The multiplicative subgroup of $\Bbb{Z}/(n)$, $H = \{x^p= 1 : x \in \Bbb{Z}/(n)\}$, prime $p$, has order $p^k$ for some $k$.

Question

Take the set of integers modulo $n$, written $\Bbb{Z}/(n)$ and any prime $p$ and consider the multiplicative subgroup specified by $H^{\times} = \{ x^p = 1: x \in \Bbb{Z}/(n)^{\times}\}$, then $|H^{\times}| = p^k$ for some $k$. Is this already known?

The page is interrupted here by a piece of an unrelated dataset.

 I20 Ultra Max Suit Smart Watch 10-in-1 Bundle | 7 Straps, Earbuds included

Generalizing, from what I can tell looking at the results of some simple python code. I think the conjecture could be:

Let $p \gt 0$ be any natural with prime factors $p_1, \dots, p_r$, then $|H^{\times}| = p_1^{e_1}\cdots p_r^{e_r} = $ some composition of powers of the prmes making up $p$.

Answer 1

Yes, in fact, the structure of the group $\mathbb{Z}/(n)^\times$ is known completely (see Wikipedia or the answers to this question; in particular, Hurkyl's answer sketches an elegant proof using the $p$-adic logarithm).

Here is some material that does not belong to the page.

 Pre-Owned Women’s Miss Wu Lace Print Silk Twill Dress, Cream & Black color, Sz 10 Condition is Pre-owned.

In particular, from these descriptions one can easily deduce the following values for $k$. Let $a_p(n)$ denote the number of distinct prime factors $q$ of $n$ such that $p\mid q-1$. If $p$ is odd, $k=a_p(n)$ if $p^2\not\mid n$, and $k=a_p(n)+1$ if $p^2\mid n$. If $p=2$, $k=a_2(n)$ if $4\not\mid n$, $k=a_2(n)+1$ if $4\mid n$ but $8\not\mid n$, and $k=a_2(n)+2$ if $8\mid n$.

Answer 2

Yes, it is. There is a theorem saying that given G is a finite group, G is a p-group iff |G|=p^k for some k. The proof requires Lagrange Theorem and Cauchy's Theorem.